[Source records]
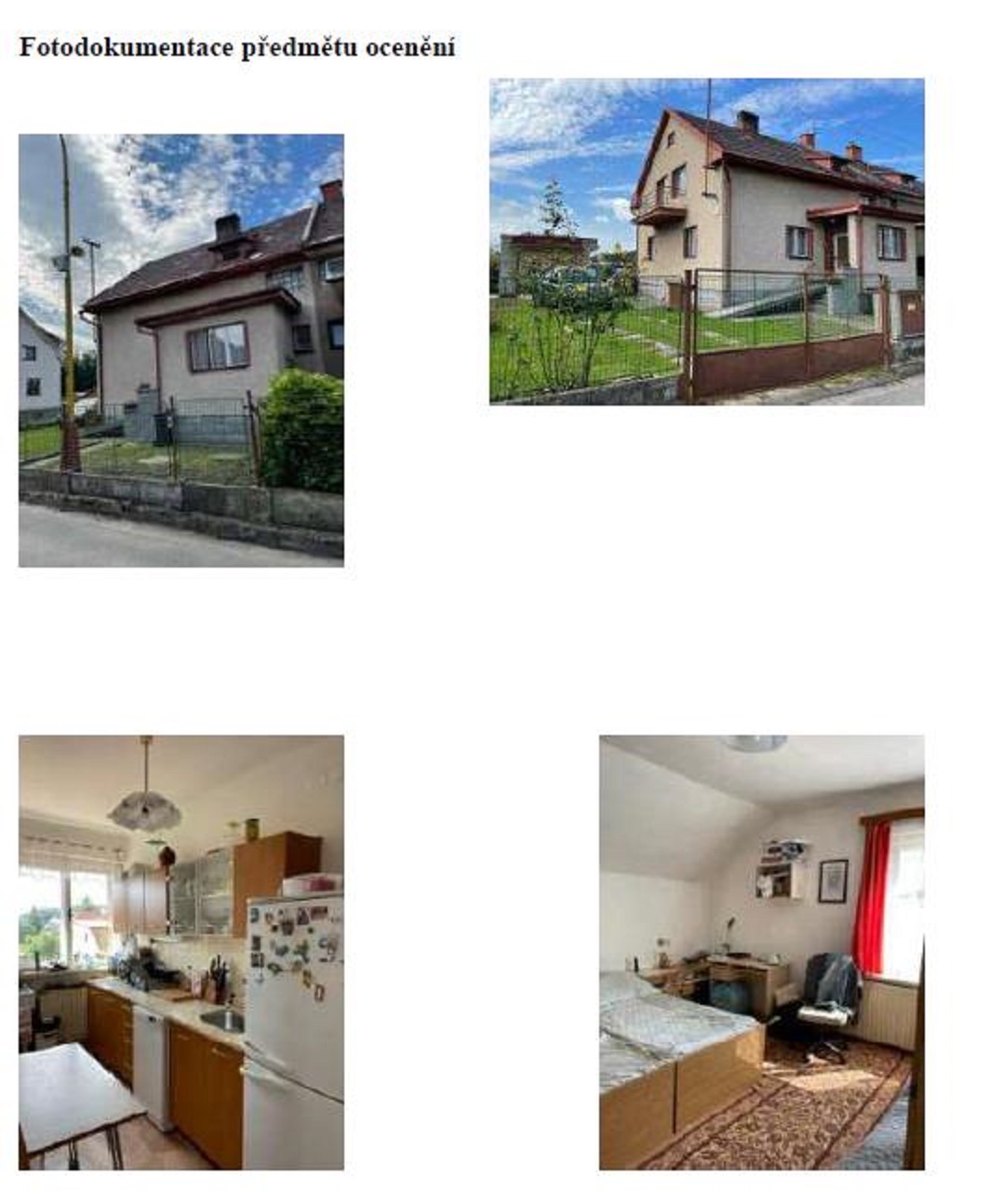 Rodinný dům je část dvojdomku. Stavba má 2 nadzemní podlaží. Dům je podsklepený celkově. V objektu se v části nachází půda a má vybudované podkroví. Základy má betonové neizolované a objekt je cihlové konstrukce. Tloušťka obvodové konstrukce činí 45 cm. Stropy nad sklepem jsou železobetonové a stropy v 1. a 2. NP jsou dřevěné, střecha je sedlová, krytinu tvoří eternitové šablony a klempířské prvky jsou plechové. Vnější omítky jsou břízolitové a zateplení pláště není provedeno. Objekt byl postaven na základě sdělení přítomné osoby v roce 1971. Stav objektu vykazuje známky zanedbané běžné údržby, jeho stav lze charakterizovat jako dobrý. Dispozice rodinného domu je 4+2. Podlahová plocha je 136,16 m2. Podlahová plocha vč. Příslušenství 229,78 m2. Vnitřní omítky jsou vápenocementové. Okna jsou kastlová. Příslušenství oken chybí. Obytné místnosti jsou orientované na severovýchod, jihozápad. Kuchyňské vybavení tvoří elektrický sporák, kuchyňské linky bez vestavěných spotřebičů. V koupelně se nachází klasická vana a umyvadlo, v druhé koupelně se nachází sprchový kout, umyvadlo a na toaletě se nachází klasická toaleta. Interiérové dveře jsou dřevěné plné, dřevěné prosklené, zárubně jsou ocelové a vchodové dveře jsou dřevěné. Osvětlovací techniku tvoří lustry. Podlahové krytiny v jednotlivých typech místností: keramická dlažba, vlýsky. Další vybavení rodinného domu tvoří krbové kamna. Do domu je zavedena elektřina o napětí 230 V a je dodávána z rozvodné sítě. Voda je přivedena z obecního vodovodu. Objekt je napojen na veřejnou kanalizaci. Zemní plyn je zaveden. Vytápění zajišťuje plynový kotel, topná tělesa tvoří závěsné radiátory, ohřev vody zajišťuje bojler. Celková výměra pozemků ve funkčním celku dle LV č. 115 - st. 707, st. 1459 a 473/14 parc. č. činí 550 m2. Sklon pozemků je rovinatý. Pozemek je oplocený pletivem do ocelových sloupků. Na pozemku se dále nacházejí vedlejší stavby – garáž a dřevěný altán. Přístup je bezproblémový po zpevněné obecní cestě. Rodinný dům je postaven v severní části obce a charakter okolí odpovídá rezidenční zástavbě rodinnými domy se zahradami. Nemovitosti se nachází v ochranném pásmu vodní zdroje 2. stupně.
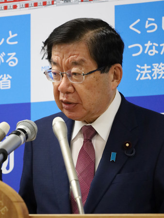 平口洋法相は20日の記者会見で、結婚に伴い改姓した人が旧姓を公的証明書などに単独記載できる「旧姓の単記」について、検討を進める方針を表明した=法務省 【時事通信社】
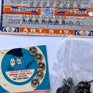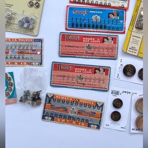 This is just a big, lotta vintage sewing supplies that I have collected over the years. There is everything from hooks for bras or corset tree two buttons, stuffed animal eyes, all kinds of stuff. Please make sure you have a look some of the cards may not be full, so please make sure to blow up all the pictures to see what you were getting.
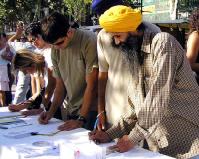 长长的签字桌前排着好几列长长的签字队伍,人们渴望着了解真象,人们也希望帮助结束迫害。望着这感人的场面,学员们不禁感到,正义的力量越来越强大,邪恶的迫害真的再也维持不下去了。
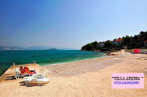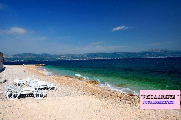 very clean, well maintained and well maintained apartments. Owners come to the utmost to meet. The apartments have a beautiful view of Kaštelská riviéra and partly also of Split. To the beach 30 m. The beach is not crowded with tourists so you can choose every place. To Trogir 4 km, which is magnificent by its ancient construction. it is just a short distance to the Kaufland and Leidl shopping mall. Another 100m from the apartment is a small store of Tommy, which is well stocked. I warmly recommend.
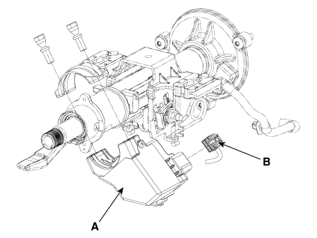 Снимите электронный замок рулевой колонки (А), ослабив крепления болты после отсоединения разъема (B).
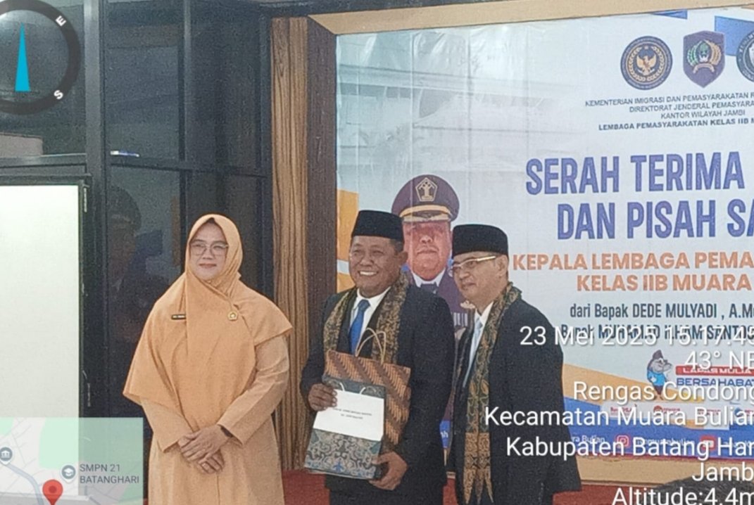 SWARAJAMBI.NET, BATANGHARI – Lembaga Pemasyarakatan (Lapas) Kelas IIB Muarabulian resmi memiliki pemimpin baru. Dalam serah terima jabatan (Sertijab) yang berlangsung dengan khidmat di Aula Lapas Muarabulian, Muhammad Ilham Santoso Sahdani secara resmi menggantikan Dede Mulyadi sebagai Kepala Lapas Muarabulian, Jumat (23/5/2025).
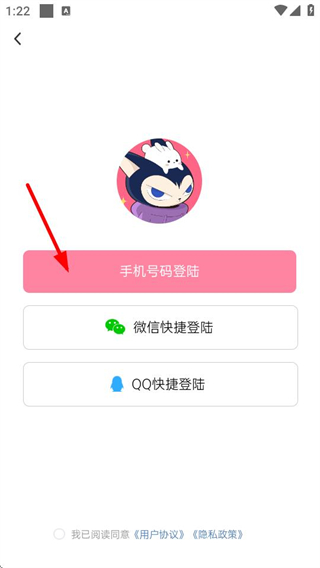 3、在登录方式选择页面,点击手机号码登陆选项,进入登录页面。
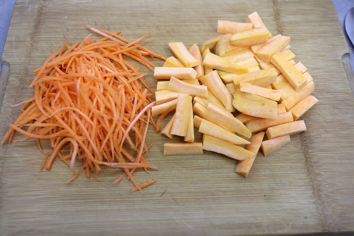 材料:排骨1000克,扁豆600克,土豆1个,胡萝卜2根,葱半棵,青蒜3棵,大蒜1头,姜1块,油适量,酱油适量,蚝油适量,老抽少许,盐适量,水适量,面条600克
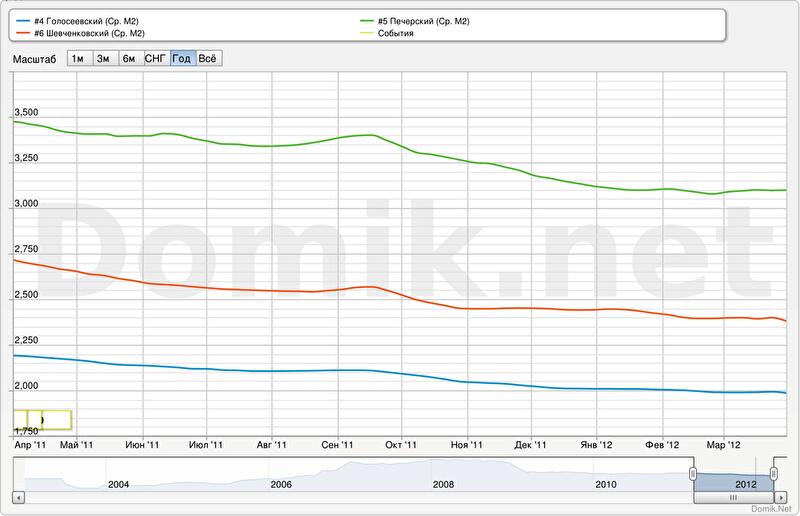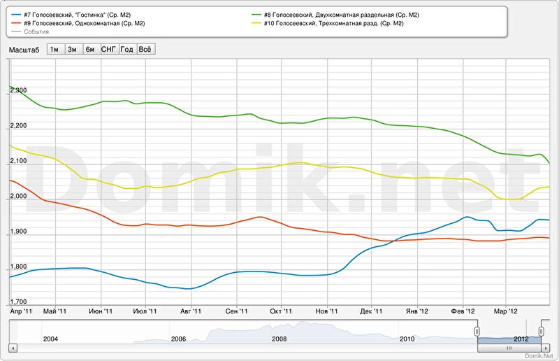 Налицо явное расслоение рынка в Голосеевском районе. Гостинки с начала осени 2011 года дорожают, цены на однокомнатные в последние месяцы стабильны, цены на двухкомнатные и трехкомнатные снижаются.

● **PROBLEM STATEMENT**: Each entry gets copied exactly; the pictures stay out.

● **RESPONSE**:
 Rodinný dům je část dvojdomku. Stavba má 2 nadzemní podlaží. Dům je podsklepený celkově. V objektu se v části nachází půda a má vybudované podkroví. Základy má betonové neizolované a objekt je cihlové konstrukce. Tloušťka obvodové konstrukce činí 45 cm. Stropy nad sklepem jsou železobetonové a stropy v 1. a 2. NP jsou dřevěné, střecha je sedlová, krytinu tvoří eternitové šablony a klempířské prvky jsou plechové. Vnější omítky jsou břízolitové a zateplení pláště není provedeno. Objekt byl postaven na základě sdělení přítomné osoby v roce 1971. Stav objektu vykazuje známky zanedbané běžné údržby, jeho stav lze charakterizovat jako dobrý. Dispozice rodinného domu je 4+2. Podlahová plocha je 136,16 m2. Podlahová plocha vč. Příslušenství 229,78 m2. Vnitřní omítky jsou vápenocementové. Okna jsou kastlová. Příslušenství oken chybí. Obytné místnosti jsou orientované na severovýchod, jihozápad. Kuchyňské vybavení tvoří elektrický sporák, kuchyňské linky bez vestavěných spotřebičů. V koupelně se nachází klasická vana a umyvadlo, v druhé koupelně se nachází sprchový kout, umyvadlo a na toaletě se nachází klasická toaleta. Interiérové dveře jsou dřevěné plné, dřevěné prosklené, zárubně jsou ocelové a vchodové dveře jsou dřevěné. Osvětlovací techniku tvoří lustry. Podlahové krytiny v jednotlivých typech místností: keramická dlažba, vlýsky. Další vybavení rodinného domu tvoří krbové kamna. Do domu je zavedena elektřina o napětí 230 V a je dodávána z rozvodné sítě. Voda je přivedena z obecního vodovodu. Objekt je napojen na veřejnou kanalizaci. Zemní plyn je zaveden. Vytápění zajišťuje plynový kotel, topná tělesa tvoří závěsné radiátory, ohřev vody zajišťuje bojler. Celková výměra pozemků ve funkčním celku dle LV č. 115 - st. 707, st. 1459 a 473/14 parc. č. činí 550 m2. Sklon pozemků je rovinatý. Pozemek je oplocený pletivem do ocelových sloupků. Na pozemku se dále nacházejí vedlejší stavby – garáž a dřevěný altán. Přístup je bezproblémový po zpevněné obecní cestě. Rodinný dům je postaven v severní části obce a charakter okolí odpovídá rezidenční zástavbě rodinnými domy se zahradami. Nemovitosti se nachází v ochranném pásmu vodní zdroje 2. stupně.
 平口洋法相は20日の記者会見で、結婚に伴い改姓した人が旧姓を公的証明書などに単独記載できる「旧姓の単記」について、検討を進める方針を表明した=法務省 【時事通信社】
 This is just a big, lotta vintage sewing supplies that I have collected over the years. There is everything from hooks for bras or corset tree two buttons, stuffed animal eyes, all kinds of stuff. Please make sure you have a look some of the cards may not be full, so please make sure to blow up all the pictures to see what you were getting.
 长长的签字桌前排着好几列长长的签字队伍,人们渴望着了解真象,人们也希望帮助结束迫害。望着这感人的场面,学员们不禁感到,正义的力量越来越强大,邪恶的迫害真的再也维持不下去了。
 very clean, well maintained and well maintained apartments. Owners come to the utmost to meet. The apartments have a beautiful view of Kaštelská riviéra and partly also of Split. To the beach 30 m. The beach is not crowded with tourists so you can choose every place. To Trogir 4 km, which is magnificent by its ancient construction. it is just a short distance to the Kaufland and Leidl shopping mall. Another 100m from the apartment is a small store of Tommy, which is well stocked. I warmly recommend.
 Снимите электронный замок рулевой колонки (А), ослабив крепления болты после отсоединения разъема (B).
 SWARAJAMBI.NET, BATANGHARI – Lembaga Pemasyarakatan (Lapas) Kelas IIB Muarabulian resmi memiliki pemimpin baru. Dalam serah terima jabatan (Sertijab) yang berlangsung dengan khidmat di Aula Lapas Muarabulian, Muhammad Ilham Santoso Sahdani secara resmi menggantikan Dede Mulyadi sebagai Kepala Lapas Muarabulian, Jumat (23/5/2025).
 3、在登录方式选择页面,点击手机号码登陆选项,进入登录页面。
 材料:排骨1000克,扁豆600克,土豆1个,胡萝卜2根,葱半棵,青蒜3棵,大蒜1头,姜1块,油适量,酱油适量,蚝油适量,老抽少许,盐适量,水适量,面条600克
 Налицо явное расслоение рынка в Голосеевском районе. Гостинки с начала осени 2011 года дорожают, цены на однокомнатные в последние месяцы стабильны, цены на двухкомнатные и трехкомнатные снижаются.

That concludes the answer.